The price of diesel, which had been trending down for the last few weeks, jumped 8.5 cents across the U.S. to an average price of $2.52 per gallon. The main cause of the price surge is refinery work in the Midwest which caused prices to jump 14.7 cents in that region. Twelve refineries in the Midwest are undergoing work which could last for several more weeks. The most expensive diesel can be found in California at $2.758 per gallon, followed by the Central Atlantic region at $2.652 per gallon. The cheapest diesel in the country can be found in the Gulf Coast region at $2.355 per gallon, followed by the Lower Atlantic region at $2.43 per gallon.

And finally, after a surge to close out September, the number of posted loads on the spot truckload market dropped 11% during the week ending Oct. 10, reports DAT Solutions, which operates the DAT network of load boards. Available capacity increased 3.7% compared to the previous week. The national average truckload van spot market rate slipped 1 cent to $1.73 per mile, with prices lower across the Los Angeles Chicago, Dallas, and Buffalo markets.

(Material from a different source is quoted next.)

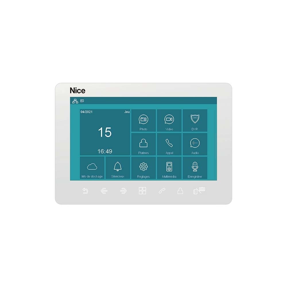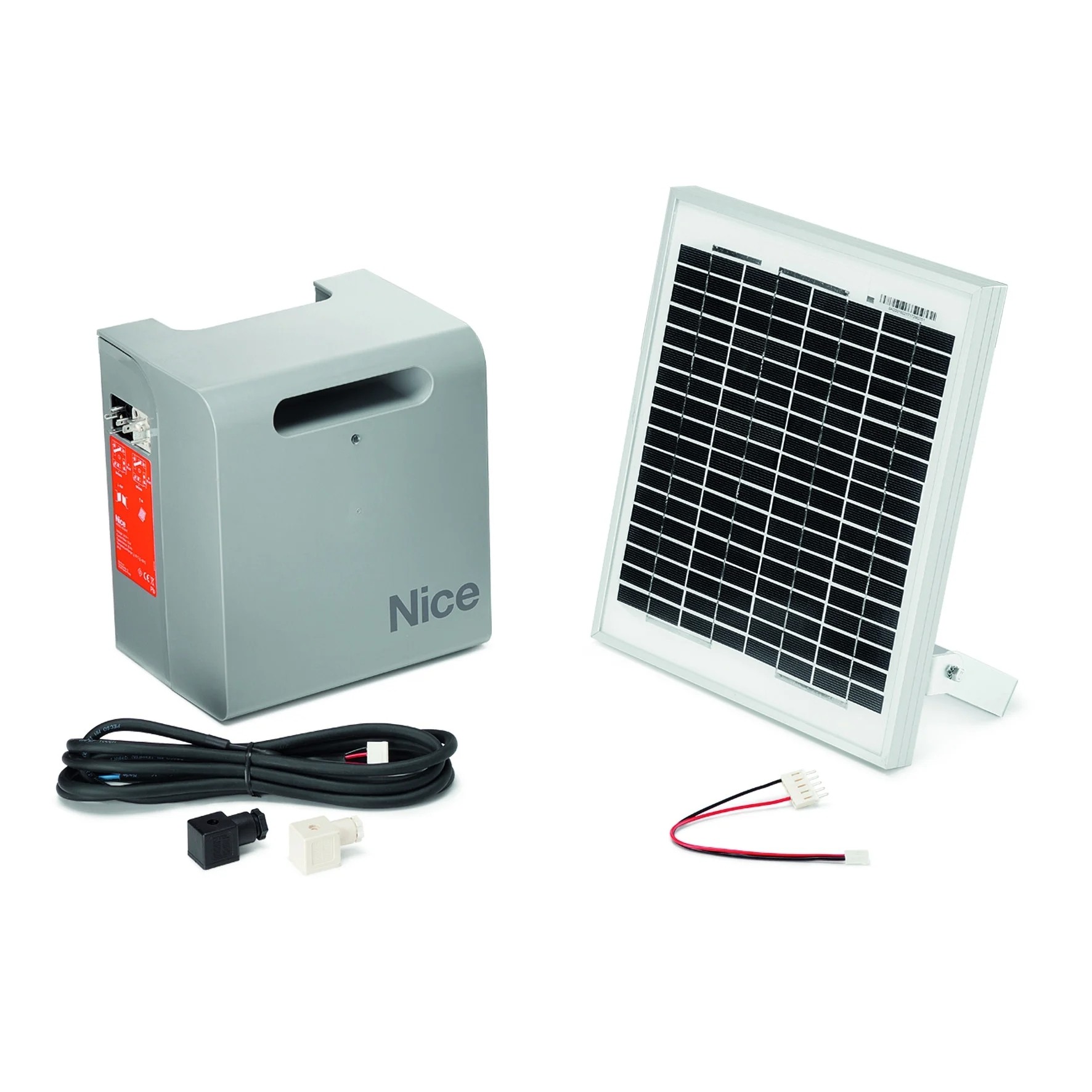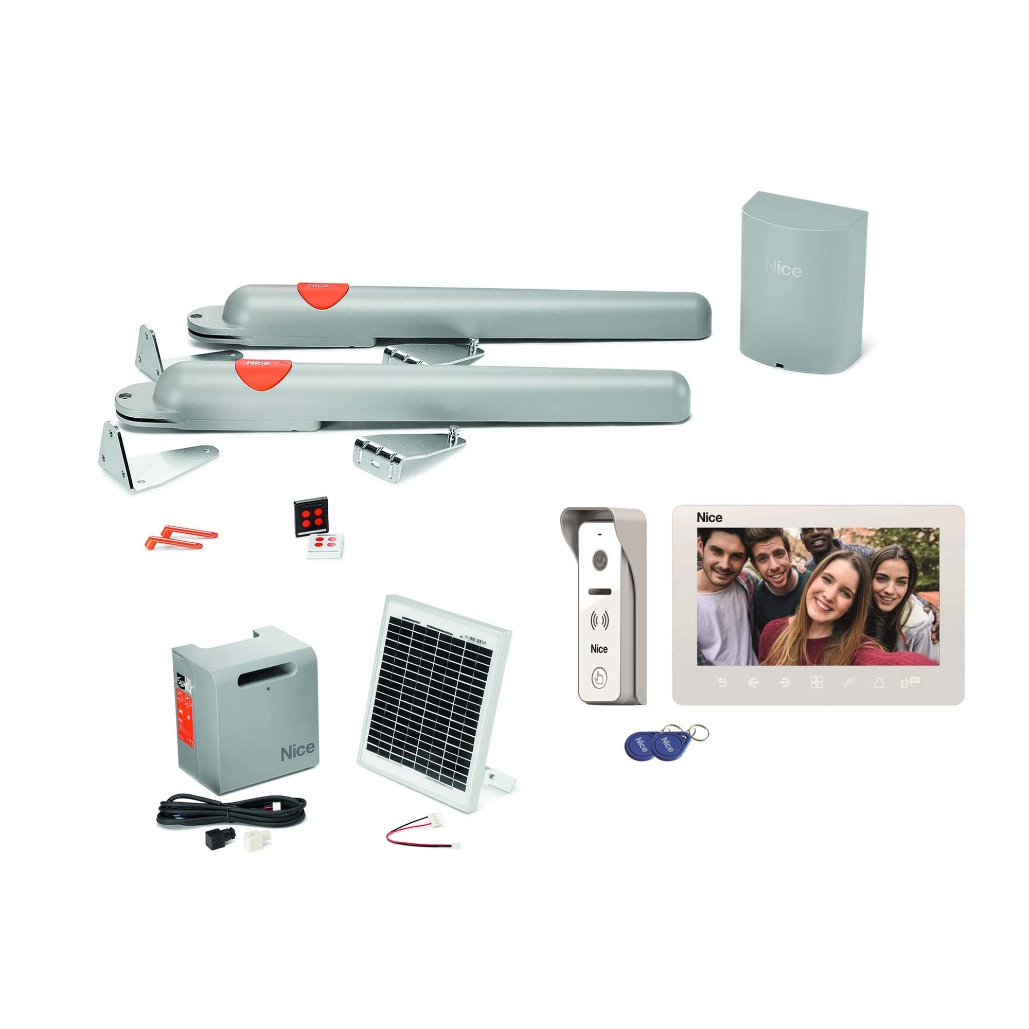 Motorisation Aria Start Kit 200 - Moteur à vérinsLe kit Aria 200 permet d'automatiser un portail lourd ayant une forte prise au vent. Le vantail ne doit pas excéder les 250 kg ou 2.20 mètres. Rapide et sûr : le Aria 200 effectue l'ouverture du portail en 14 secondes (hors zones d'accélération et de ralentissement) sur 90°, avec butées mécaniques en ouverture et fermeture.Puissant et robuste : le moteur à vérins fournit jusqu'à 1230 Nm, capacité de 30 cycles/heure.Pratique : le déverrouillage est placé sur le haut du moteur pour une intervention d'urgence. Cette motorisation dispose d'une ouverture piétonne réglable et d'une détection d'obstacles.Installation simplifiée : Sa pose est grandement facilitée grâce aux platines de fixation réglables et au moteur pré-câblé. Compatible avec l'alimentation solaire SoleKit.Visiophone filaire 1 appel Mira 100Le MIRA 100 est un visiophone 2 fils, design et discret, permettant de communiquer avec vos visiteurs et ouvrir le portail et portillon depuis votre habitat. Le moniteur est doté d'un écran couleur 7" avec touches sensitives ainsi que d'une mémoire interne et carte SD de 16 GB pour enregistrer les photos et vidéos lors d'appel de vos visiteurs en votre absence. La platine de rue offre une résistance accrue à l'eau (IP66) et une excellente résolution d'image grâce à sa caméra HD et grand angle (110°), même de nuit à l'aide de la vision nocturne.Vous pourrez ainsi gérer l'ouverture de votre portail et portillon depuis le lecteur de badges se situant sur la platine de rue et les badges inclus dans votre kit. Il vous sera possible d'installer jusqu'à 3 écrans supplémentaires (en option) dans votre habitat La distance maximum entre le moniteur intérieur et la platine de rue est de 150 m avec 2 fils de 0,75 mm² minimum.Kit d'alimentation solaire Nice Home - Motorisation de portailAdapté pour un moteur de portail, cette alimentation à l'énergie solaire vous permet de faire fonctionner votre portail sans avoir recours au secteur électrique. Aucun travaux de raccordement n'est nécessaire. Aucun risque de coupure électrique, le portail reste opérationnel. Simple d'installation, SOLEKIT peut également être connecté à des logiques de commande différentes de la gamme Nice Home; se reporter à la notice des logiques pour effectuer la connexion électrique.Composition du kit : 2 moteurs Aria1 centrale de commande2 télécommandes 5 touches1 visiophone Mira 1001 kit solaire SoleKit

Van load availability fell 15% while truck capacity jumped 5.6% compared to the previous week. Refrigerated load availability fell 13% while available capacity increased 2.1%. The national reefer load-to-truck ratio fell 15% to 3.9 loads per truck, contributing to a 5-cent drop in the national average reefer rate to $1.96 per mile. Flatbed load availability fell 8.9% and truck posts were down 1.1%, resulting in a 7.9% decline in the flatbed load-to-truck ratio to 10.6 loads per truck. The national average flatbed rate was 2 cents lower at $2.01 per mile.

That’s all for this week. Enjoy the weekend, Tom Brady’s revenge game on the Colts, and the song of the week, Eddie Vedder’s All the Way.